§ **TASK ITEM**
Reproduce the lines of the material exactly, excluding every image.

§ **DATA SHOWN**
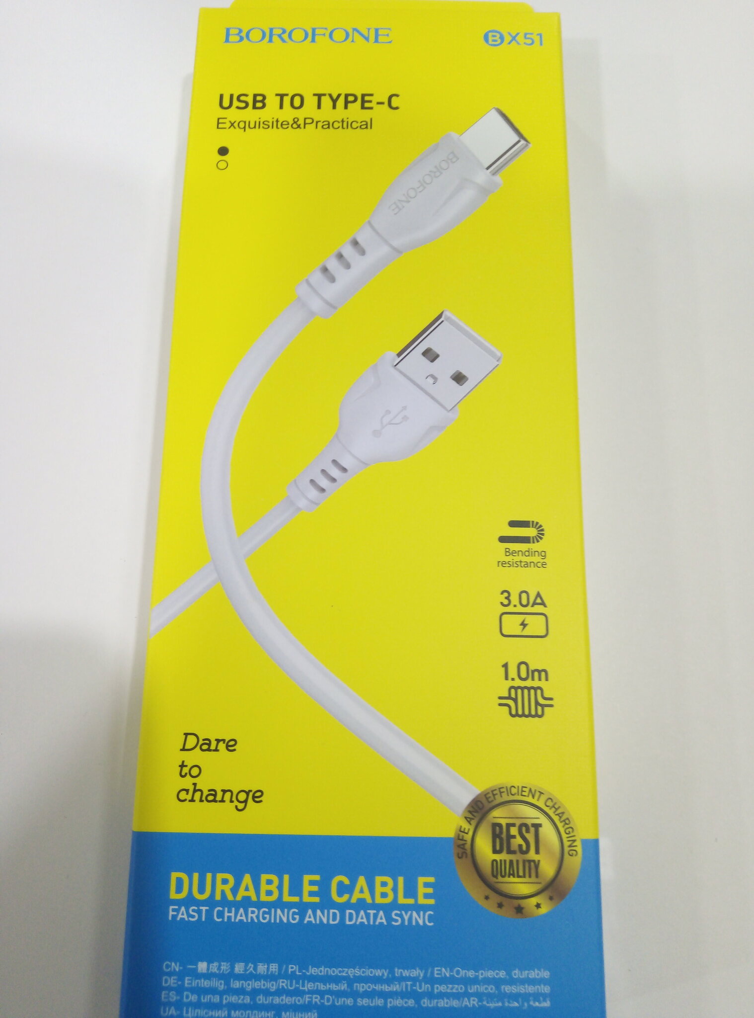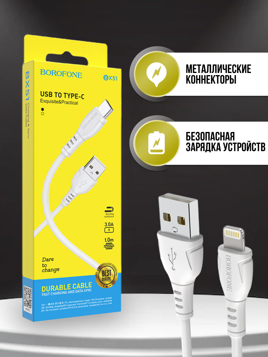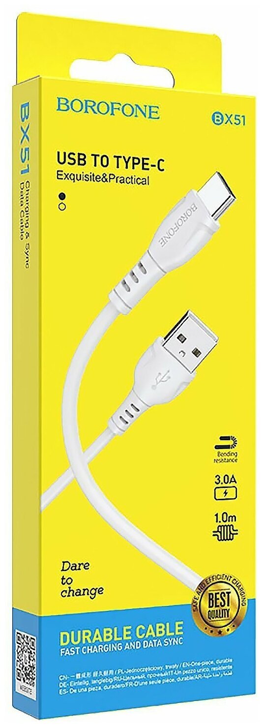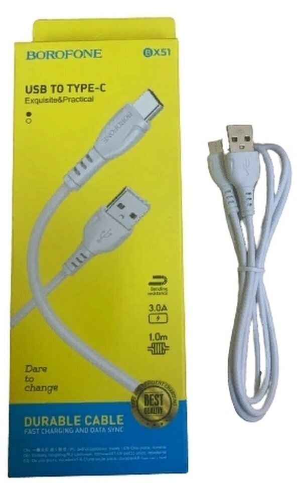 Кабель Type-C BOROFONE BX51 3.0A, 1м. белый
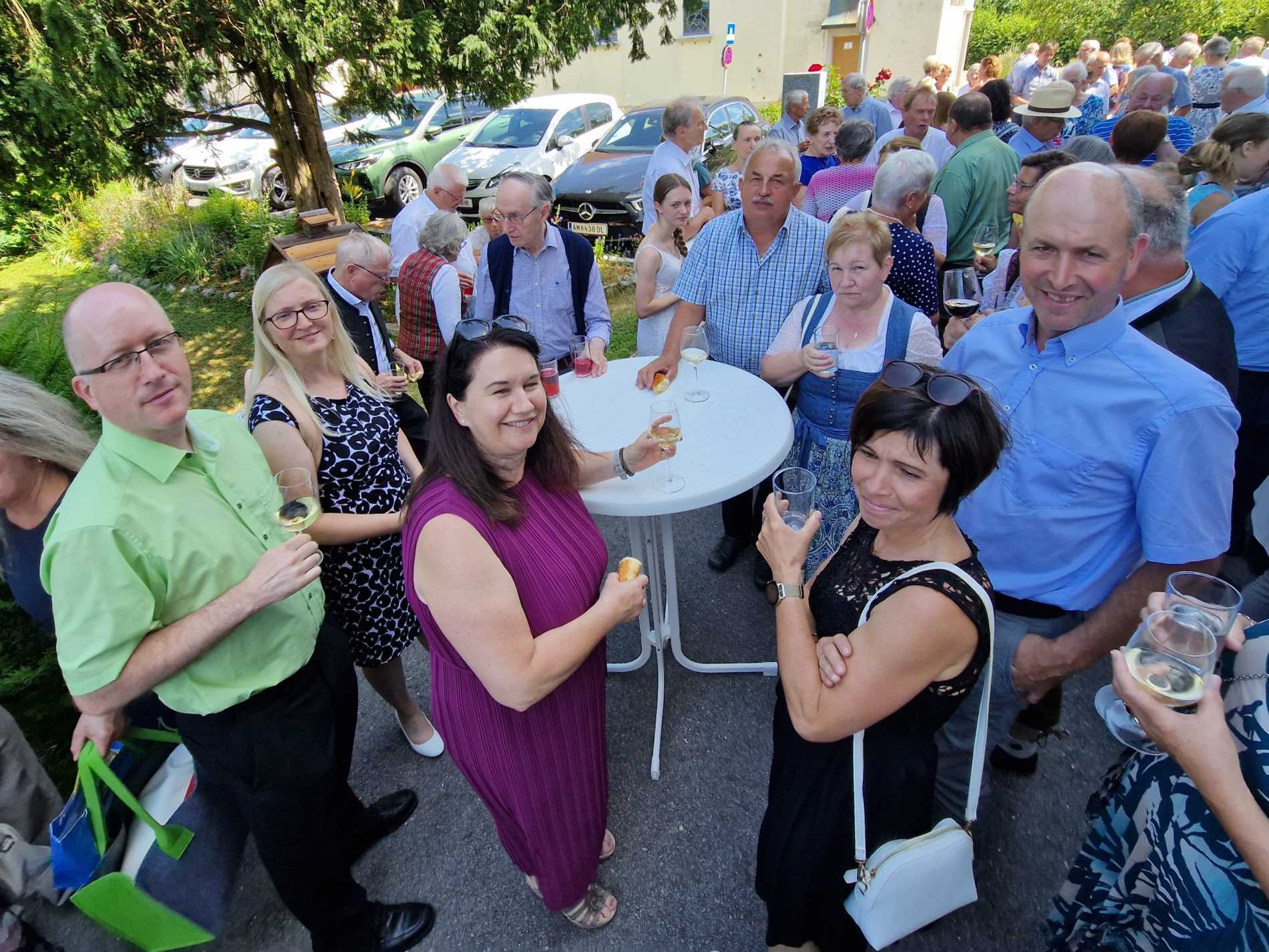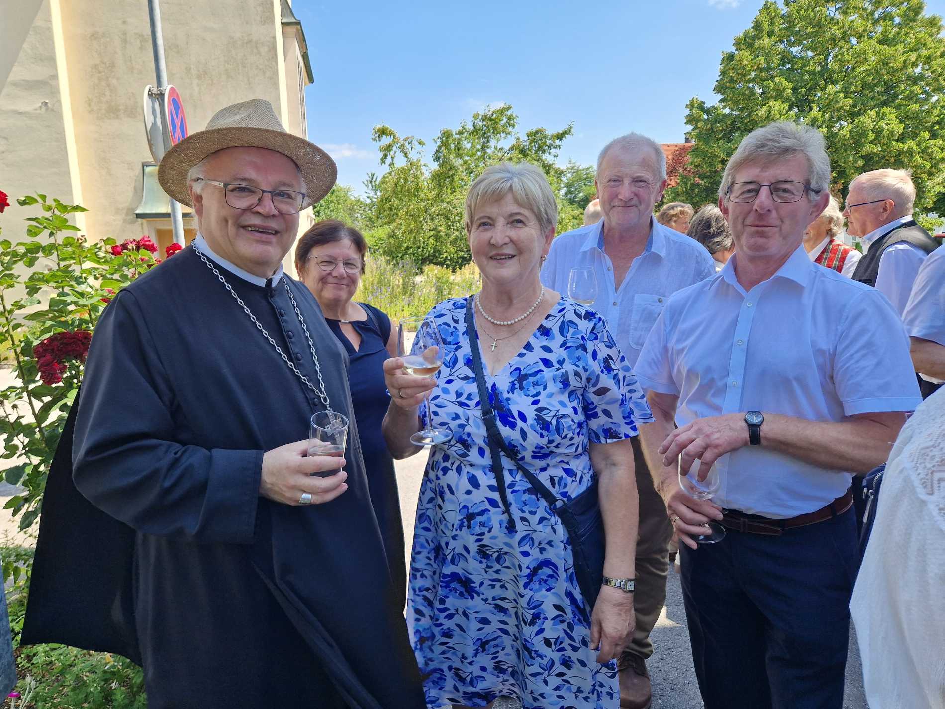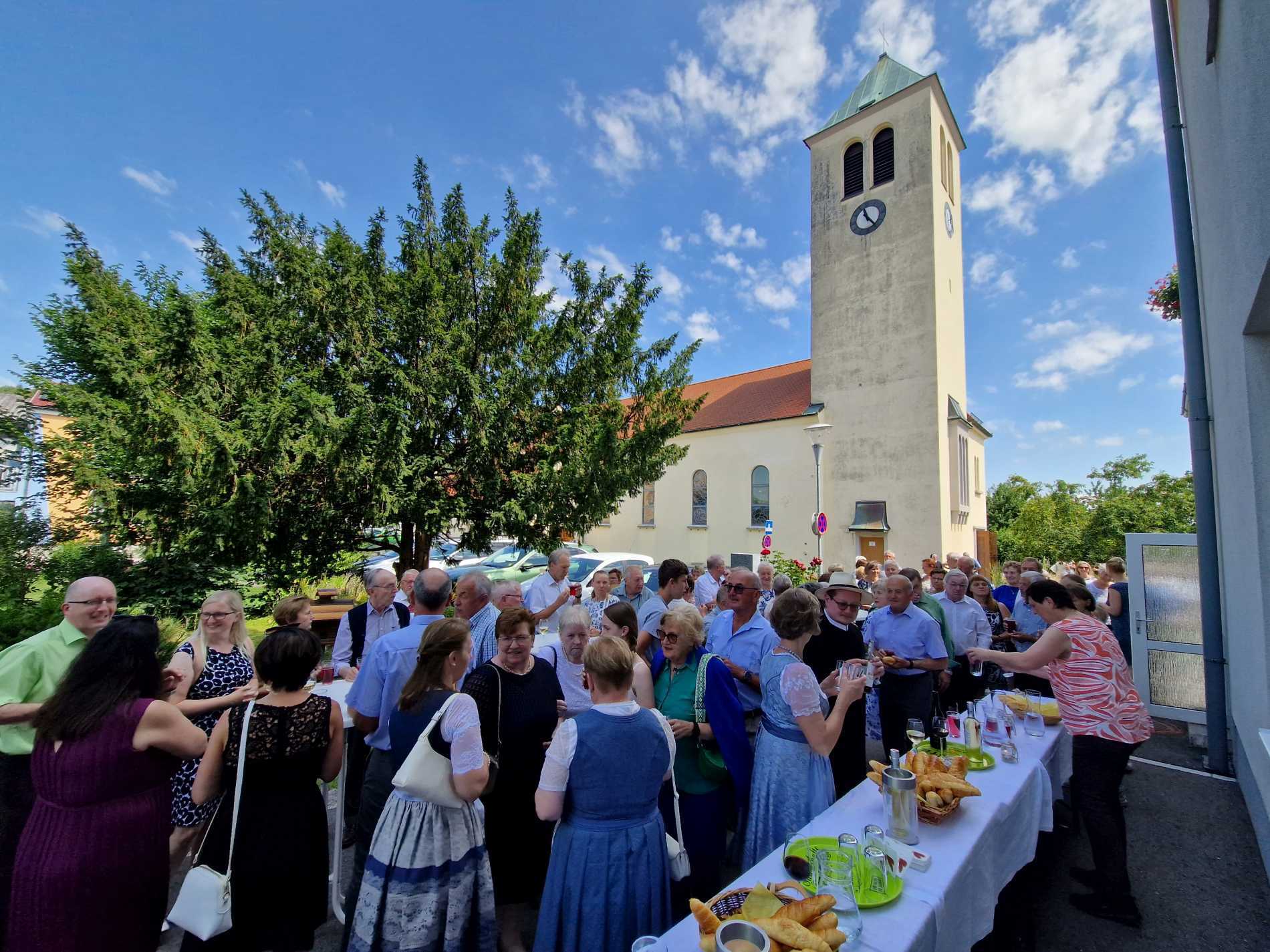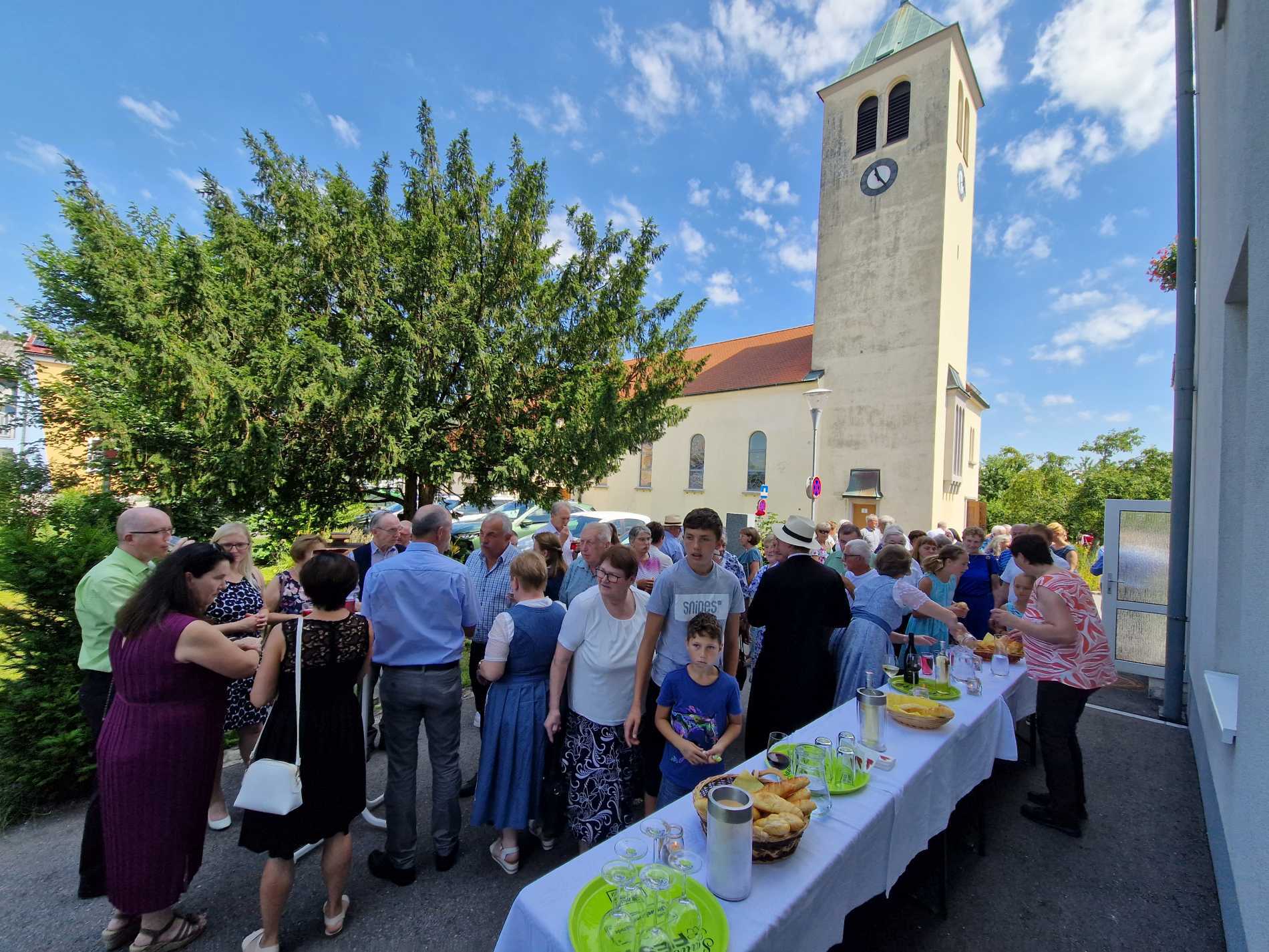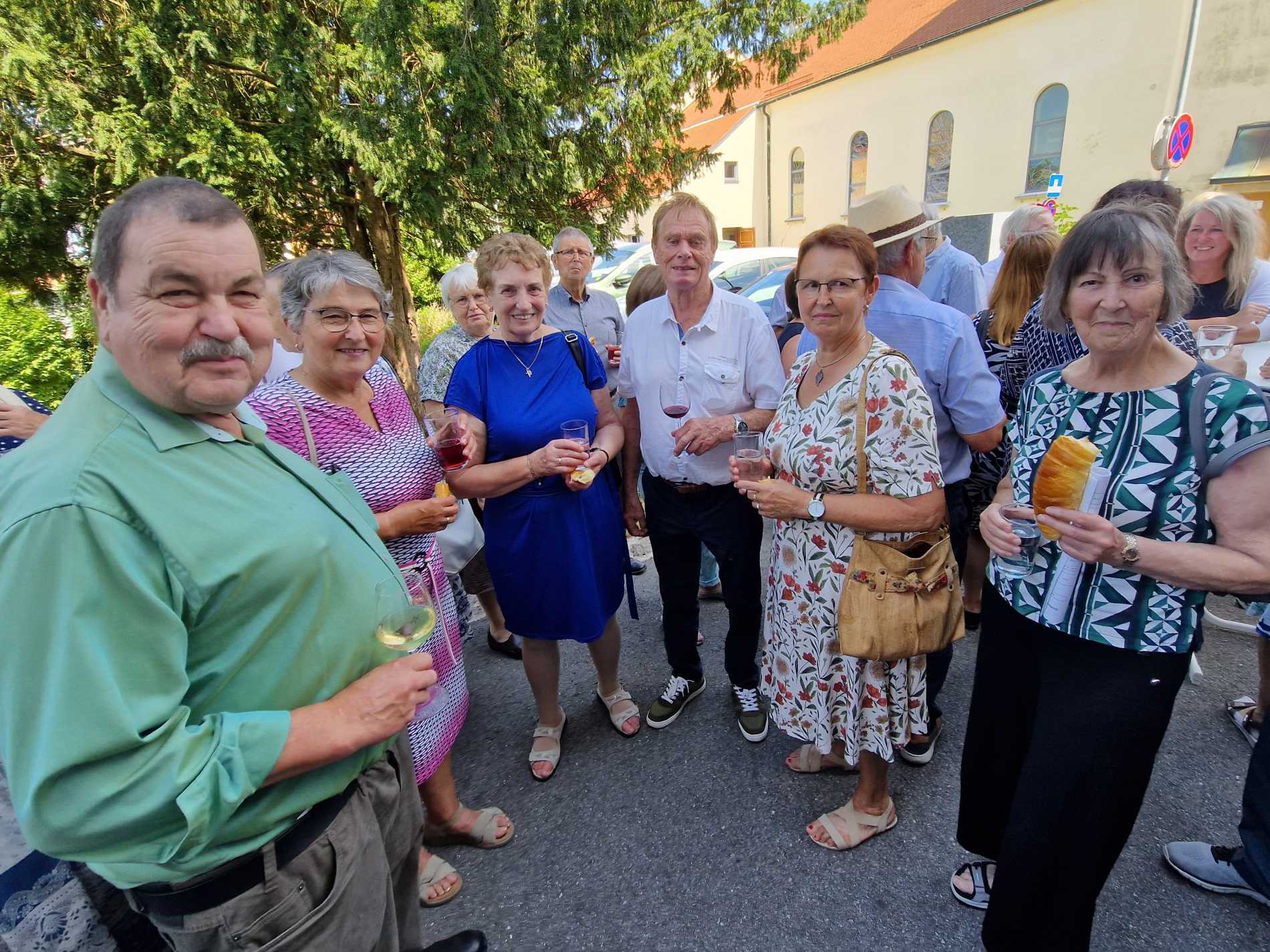 Nach der Messe lud der Jubilar zu einem gemütlichen Empfang, bei dem Briochkipferl, Wein und Saft gereicht wurden. Das Bläserensemble umrahmte die Veranstaltung musikalisch und sorgte für eine festliche Atmosphäre.
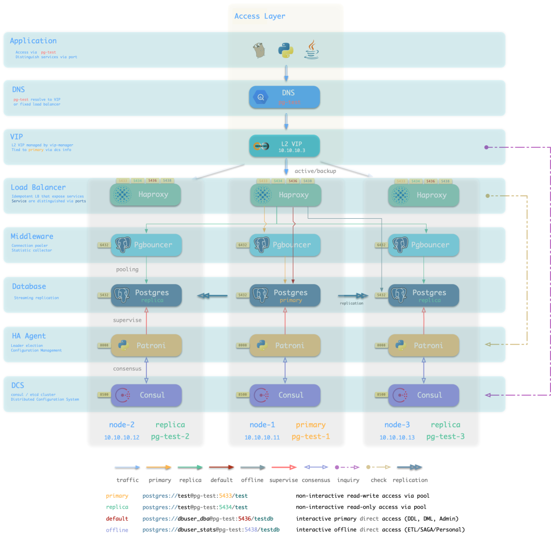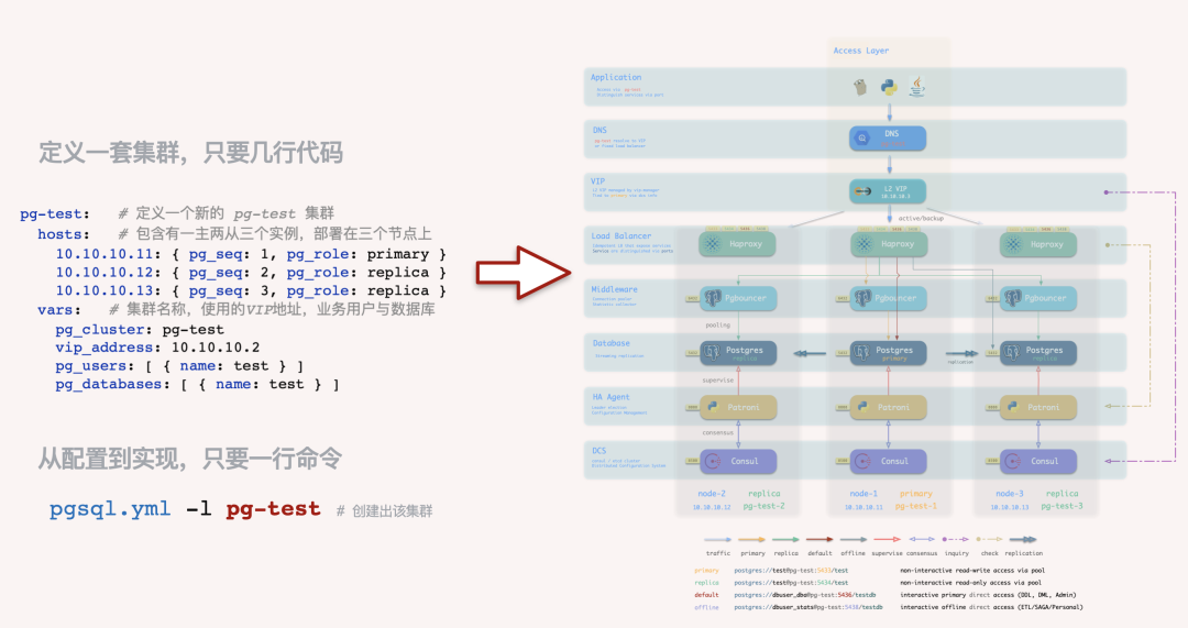 Pigsty的高可用架构久经生产环境考验,以极小的复杂度实现了完整的高可用方案,让传统主从架构的数据库用出分布式数据库的感觉。

§ **SOLUTION FOR THIS EXERCISE**
 Кабель Type-C BOROFONE BX51 3.0A, 1м. белый
 Nach der Messe lud der Jubilar zu einem gemütlichen Empfang, bei dem Briochkipferl, Wein und Saft gereicht wurden. Das Bläserensemble umrahmte die Veranstaltung musikalisch und sorgte für eine festliche Atmosphäre.
 Pigsty的高可用架构久经生产环境考验,以极小的复杂度实现了完整的高可用方案,让传统主从架构的数据库用出分布式数据库的感觉。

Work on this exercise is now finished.